Ratios & DuPont Analysis
Net profit margin improved from a negative 0.02% in Q3 2024 to 17.1% in Q3 2025, driven by net income growth. Return on assets (ROA) increased from -0.45% to 7.4%, reflecting improved profitability and asset utilization. Return on equity (ROE) turned positive at 12.4%, compared to a negative 0.53% last year, supported by net income and equity growth. Asset turnover ratio remained stable at approximately 1.36, indicating efficient asset utilization. The equity multiplier increased slightly to 1.7, reflecting leverage levels within acceptable limits.
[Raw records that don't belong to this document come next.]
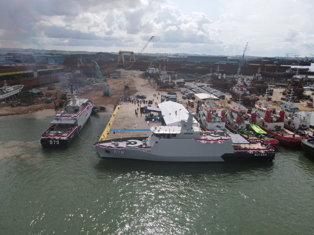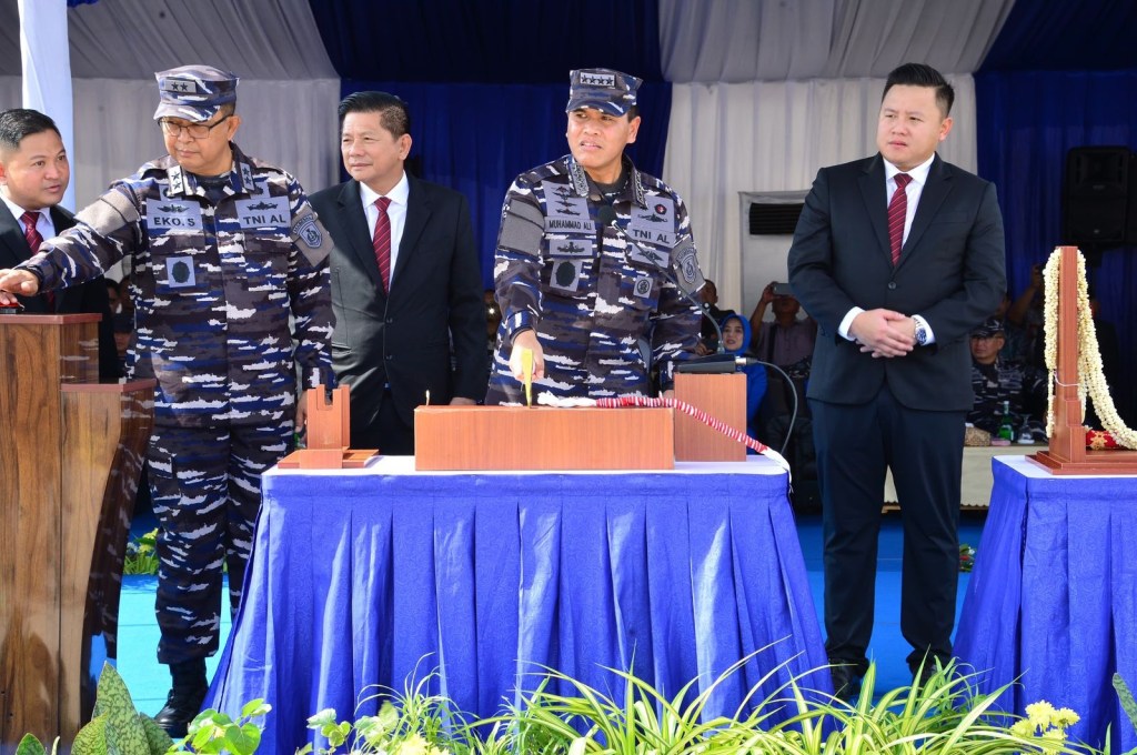 TNI Angkatan Laut (TNI AL) kembali diperkuat dengan kehadiran 2 kapal perang baru tipe Patroli Cepat (PC) 40 buatan dalam negeri yang ditandai dengan Shipnaming dan Launching yang dipimpin oleh Kepala Staf Angkatan Laut (Kasal) Laksamana TNI Dr. Muhammad Ali didampingi Ketum Jalasenastri Ny. Fera Muhammad Ali di galangan kapal PT. Citra Shipyard, Kepulauan Riau, Batam, pada hari ini, Selasa (7/5/2024).
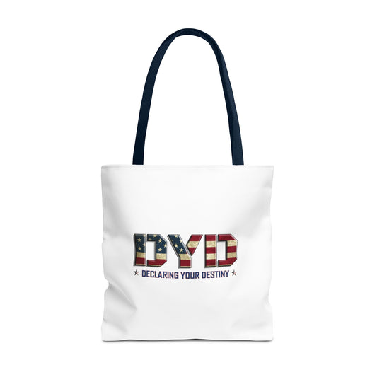Declaring Your Destiny USA logo/ USA Alpha & Omega Christian Tote bag
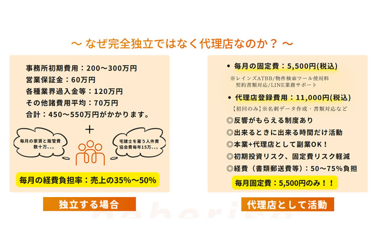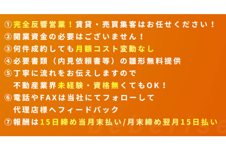 | 特長 | ・完全反響営業!集客はお任せください! ・開業資金の必要はございません! ・何件成約しても月額コスト変動なし ・必要書類(内見依頼書等)の雛形無料提供 ・丁寧に流れをお伝えしますので不動産業界未経験・資格無くてもOK! ・電話やFAXは当社にてフォローして代理店様へフィードバック |
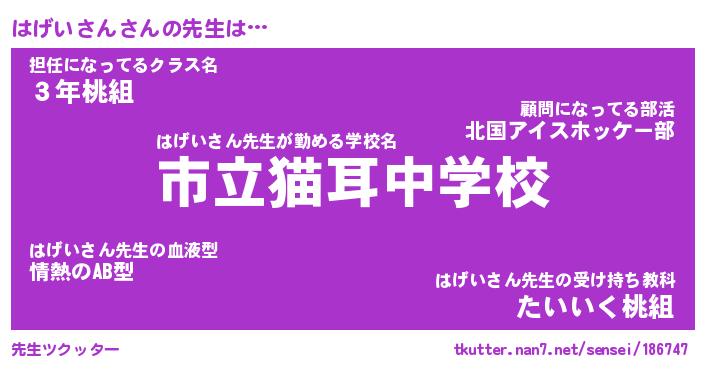 | ファンタジー風あだ名 | 『ハゲフェル』『エターナルハゲイサンー』 |
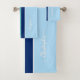 Create your own custom, personalised, cool, classy, stylish, classic, baby blue dark navy blue teal and white racing stripes design, modern elegant white typography / script monogram, trendy, machine washable, bath towel set that includes 30" x 60" bath towel, 16" x 28" hand towel and 13" x 13" washcloth. To customise, simply type in your name / monogram / initials / family name. Makes a great custom gift for birthday, fathers day, mothers day, wedding, graduation, christmas, holidays, new years, and more, for your loved ones, kids, grandkids, mum, dad, grandpa, grandma, brother, sister, son, daughter, uncle, aunt, husband, wife, bride, groom, friends and family.
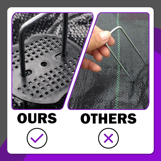 • 🏡 Strong Stakes Staples with Good Gasket -------- These are good stakes staples for your garden fabric to hold it in place. The Stakes staples fit well between the gasket and hold down unlike ones without the gasket that can slide up over time. Also comes with a nice hook to pull it back if you want to move or readjust it. Overall, pretty decent set and works well.
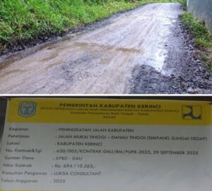 Siasatinfo.co.id, Berita Kerinci – Aneh, pembangunan konstruksi jalan aspal jenis hotmix link Desa Mukai Tinggi – Danau Tinggi (Simpang Sungai Dedap) dikerjakan CV. Abbiyu Bangun Konstruksi dikerjakan Yuldi Herman dengan pelaksana lapangan Zulfrianto.
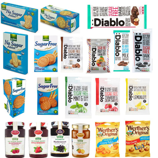 Deluxe Sugar Free Snack Box with 12 Selected Delights [Cookies, Chocolates, Biscuits, Jams and Sweets]
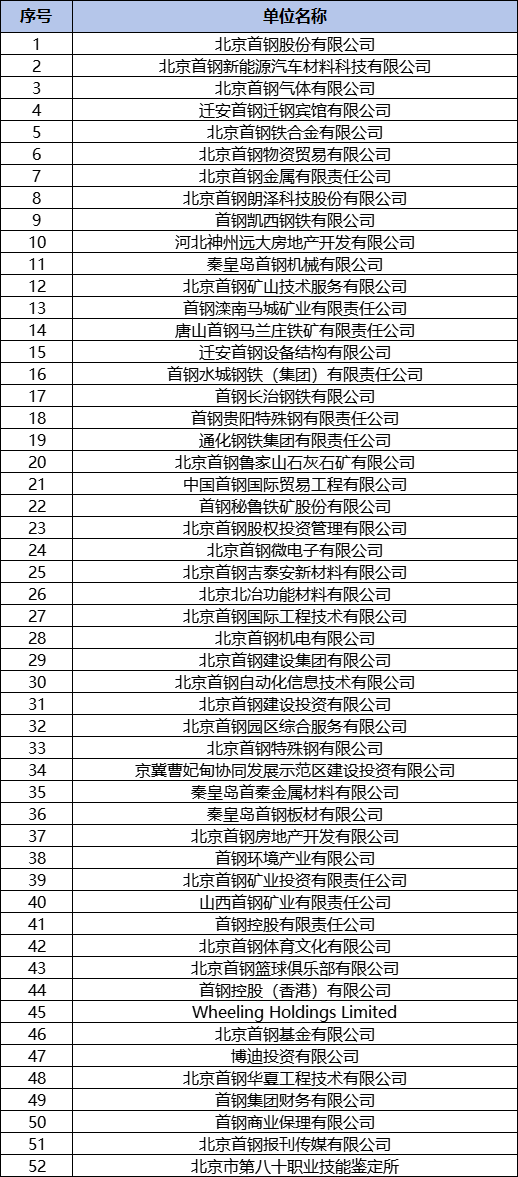 近期,首钢集团官网发布了旗下52家企业名单。具体内容如下:

Overall, the DuPont analysis indicates improved profitability, efficient asset use, and moderate leverage, supporting a positive outlook.
Risk Factors
Key risks include regulatory changes affecting bioidentical hormone therapies, market competition from larger pharmaceutical and wellness companies, operational risks related to manufacturing and supply chain disruptions, and macroeconomic factors such as inflation and interest rate fluctuations. The company also faces legal and litigation risks, notably ongoing legal proceedings involving key executives and shareholders, which could impact reputation and financial stability. Additionally, reliance on a limited number of vendors and customers exposes the company to concentration risks. Strategic acquisitions and product diversification are critical to mitigating these risks, but execution remains essential.
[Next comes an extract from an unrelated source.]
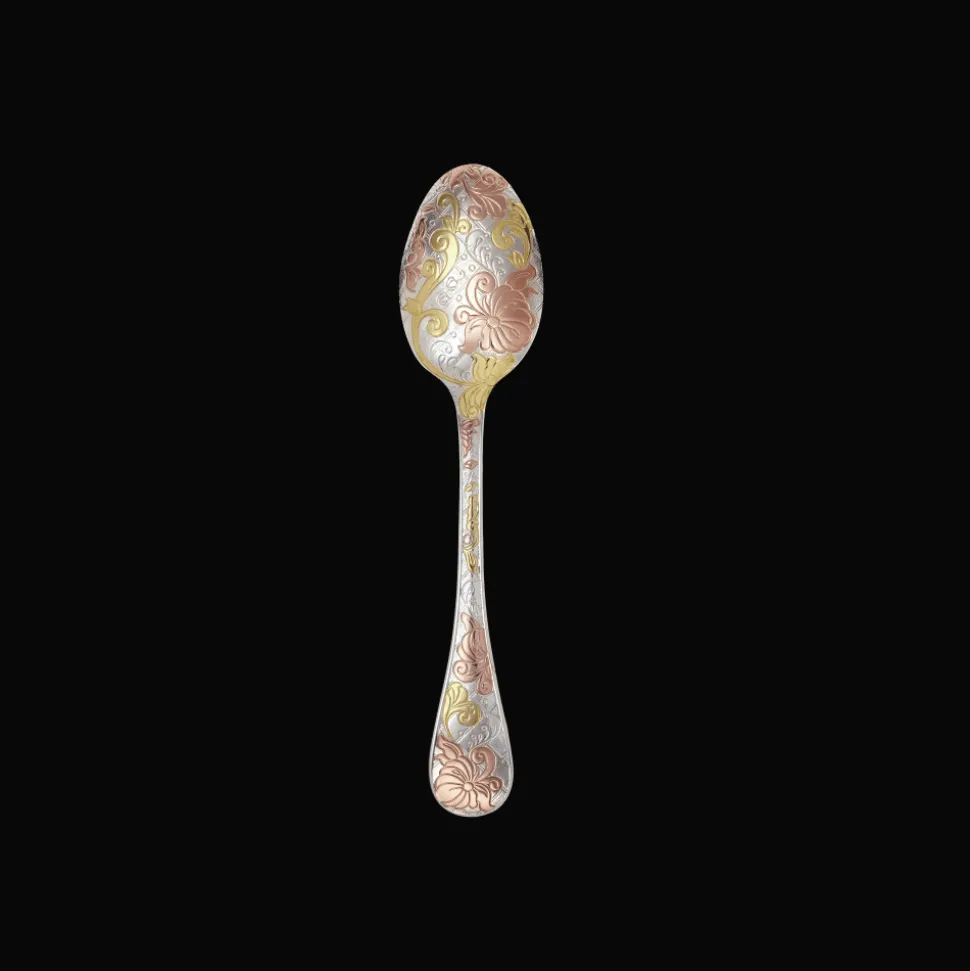Cuillère à dessert/entrée en métal argenté – dorure partielle deux ors (or jaune et or rose)
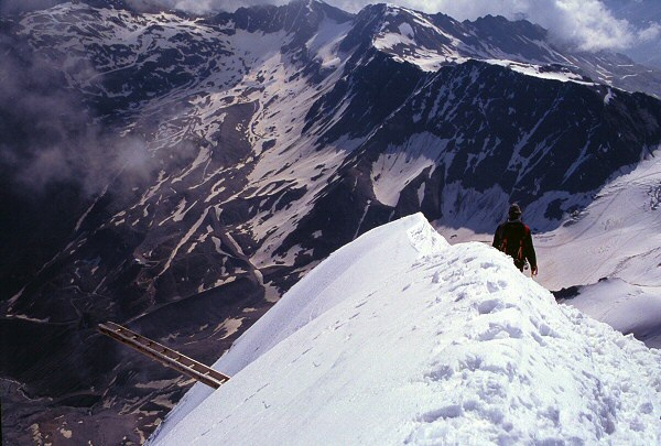 Appena iniziata la discesa lungo la normale troviamo questa curiosa scala sospesa sul versante nord. (!?!?)

Notes & Additional Commentary
Unusual items in Q3 2025 include a significant gain from change in fair value of earnout liabilities ($2.92 million) and legal settlement expenses ($3.5 million). The company also executed share repurchases totaling 1.01 million shares at an average price of $3.28 per share, reducing share count and supporting EPS growth. The company’s strategic focus on expanding its product portfolio and operational efficiencies is expected to sustain growth. However, legal proceedings and regulatory environment remain potential headwinds. The company’s recent acquisitions, including Asteria Health and Simpatra, are expected to contribute positively to revenue growth in upcoming periods.
Investment Implications
Biote Inc demonstrates a robust turnaround with significant improvements in profitability and stock performance. The company’s strategic acquisitions and product diversification position it well for long-term growth, though legal and regulatory risks require ongoing monitoring. Short-term opportunities include capitalizing on the rising demand for bioidentical hormone therapies and dietary supplements. Long-term risks involve market competition and regulatory changes, which could impact margins. Overall, the company’s financial health and strategic initiatives support a cautiously optimistic outlook for investors seeking growth in the biotech and wellness sectors.